A good starting point for metabolic network inference is the use of in silico generated metabolome data from kinetic metabolic models available in literature (Mendes et al. 2003). This approach facilitates to draw conclusions on the quality of data and perturbation needed for metabolic network inference of real systems as well as enabling quick testing of inference quality. Kinetic models of three example systems (threonine synthesis pathway of E. coli consisting of 4 metabolites, S. cerevisiae glycolysis pathway with 13 metabolites, and E. coli central metabolism pathway with 18 metabolites) were used in this study for in silico data generation. We test the effect of the following parameters on network inference: (a) different types of (natural) variability, (b) different types of similarity measures and (c) elimination of indirect interactions through conditioning and/or pruning.

2 Materials and methods

The general computational approach followed is depicted in Fig. 1.

Fig. 1
figure 1

The approach followed for metabolic network inference. Three datasets with different variability properties are collected in silico. Each dataset is processed to calculate similarity scores with linear and nonlinear methods (relevance networks). The alternative scores which remove indirect interactions are also applied (conditioned networks). All these networks are fed into pruning algorithm which checks data processing inequality (DPI). See Sect. 2 for details

2.1 In silico data generation

Kinetic details of models describing the studied systems were taken from JWS Online (Olivier and Snoep 2004). The systems were solved either using MATLAB’s built-in ordinary differential equation (ODE) solver ode15s for the enzymatic variability data or using the Milstein method of the stochastic differential equation (SDE) Toolbox (Picchini 2007) for the intrinsic variability and the environmental variability data (see next subsection for details of the data types). A thousand steady-state data points were collected from independent runs for each variability type analyzed. Initial values of concentrations were kept the same among different independent runs since they were found to have no effect on steady-state concentrations. For stochastic simulations, a real steady state is not possible due to fluctuating profiles, and data was collected after a few seconds of simulations starting from different near-steady-state concentrations to assure that the fluctuations were stabilized.
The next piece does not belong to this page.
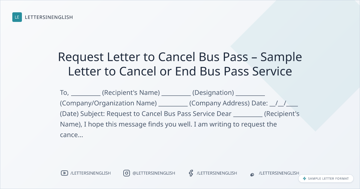 Request Letter to Cancel Bus Pass – Sample Letter to Cancel or End Bus Pass Service

2.2 Biological/environmental variability

Metabolomics experiments conducted under identical conditions with the same genetic background do not necessarily lead to identical results (Fiehn et al. 2000; Martins et al. 2004). This has been attributed to natural variability inherent to living organisms originating from systems properties, leading to consistent correlation patterns among metabolites (Steuer 2006). In this study, we focus on three common factors causing this variability. Our goal is to compare the relative information content of each of these factors in revealing true systemic interactions.
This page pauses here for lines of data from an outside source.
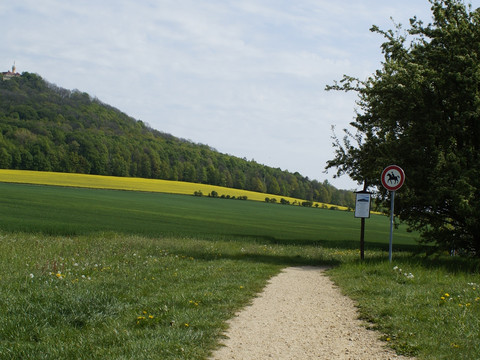 A route around the Görlitz local mountain Landeskrone. The route includes a fitness trail (sporty) and a bee educational trail (informative).
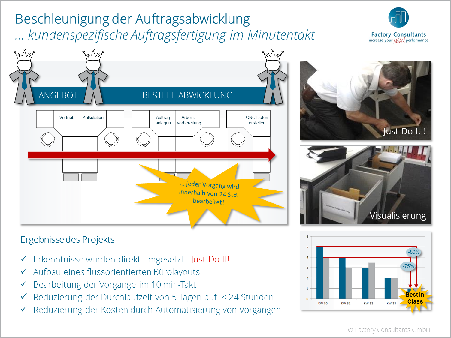 Ergebnis des Projekts war eine Reduzierung der Durchlaufzeit für alle eingehenden Anfragen und Aufträge auf weniger als 24 Stunden. Diese wurde einerseits durch die konsequente Vermeidung von Verschwendungen aber auch die Eliminierung von Wartezeiten realisiert. Das Team wurde mit Hilfe einer Qualifikationsmatrix schrittweise so qualifiziert, dass Schwankungen in den Takten problemlos geglättet und Wartezeiten vermieden werden konnten.
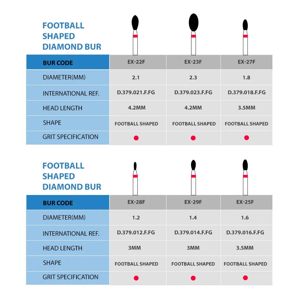 Frank Dental Football Shaped FG Diamond Burs EX -Series

2.2.1 Enzymatic variability

This type of variability is induced due to slight variation of enzyme concentrations, [E], or reaction rate constants, k, between replicate experiments. Each rate expression in the kinetic models has a parameter, ν max, which comprises both of these effects (ν max = k·[E]). A random variation of approximately ±10% was introduced to the ν max parameter of each rate expression in the models to mimic biological variability and to generate replicate metabolome data (Fig. 1) (Camacho et al. 2005; Martins et al. 2004). This was done by multiplying each ν max value with a random number, n, from a Normal distribution with unit mean and 0.05 standard deviation. The mathematical expression of the corresponding ODE set is:

$$ \frac{{{\text{d}}C_{i} }}{{{\text{d}}t}} = \sum {r_{i} } \,\,{\text{with }}r_{\text{i}} = n_{i} \times v_{\max ,i} \times F\left( {C_{i} } \right)\,\quad n_{i} \sim \,\,N\left( {1,\,0.05} \right) $$

where C i corresponds to the concentration of metabolite i and t is time. The variation can be much higher for mammalian systems (Margolin et al. 2006) because there is considerable difference between individuals in terms of gene copy numbers and single-nucleotide-polymorphism (SNP) occurrences, affecting enzyme concentrations [E] and efficiency (k).
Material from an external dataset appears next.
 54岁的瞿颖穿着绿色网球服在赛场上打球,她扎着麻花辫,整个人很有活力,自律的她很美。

2.2.2 Intrinsic variability

Within an experiment, intracellular metabolites can exhibit true fluctuations over time (Kresnowati et al. 2006; Wu et al. 2005) (Fig. 1), which are not due to technical or experimental errors but because of fluctuations within cellular processes, also due to complex regulation patterns (Steuer et al. 2003). Such fluctuating profiles can be natural, or can also be induced on purpose by introducing small fluctuations to temperature, pH or dissolved oxygen concentration of, e.g., a biotechnological system. A mathematical way of mimicking such ‘noisy’ profiles using kinetic models is to add a stochastic term to each ODE of the system. Thereby, the system is converted into an SDE set. Stochastic modeling is also a common way of introducing variability for model-based genetic network inference studies (Wang et al. 2006; Yeung et al. 2002). Mathematically expressed;

$$ \frac{{{\text{d}}C_{i} }}{{{\text{d}}t}} = \sum {r_{i} } + f \times \eta_{i} \,\quad {\text{with}}\quad \,r_{i} = v_{\max ,i} \times F\left( {C_{i} } \right). $$

The stochastic term, η i , is a random number from unit Normal distribution, and f is a system-specific weight. The weight, f, was chosen as 0.001, 0.1, and 0.01 for the 4-metabolite, 13-metabolite and 18-metabolite systems, respectively, to induce variation in metabolite levels similar in range to the metabolite levels of enzymatic variability case.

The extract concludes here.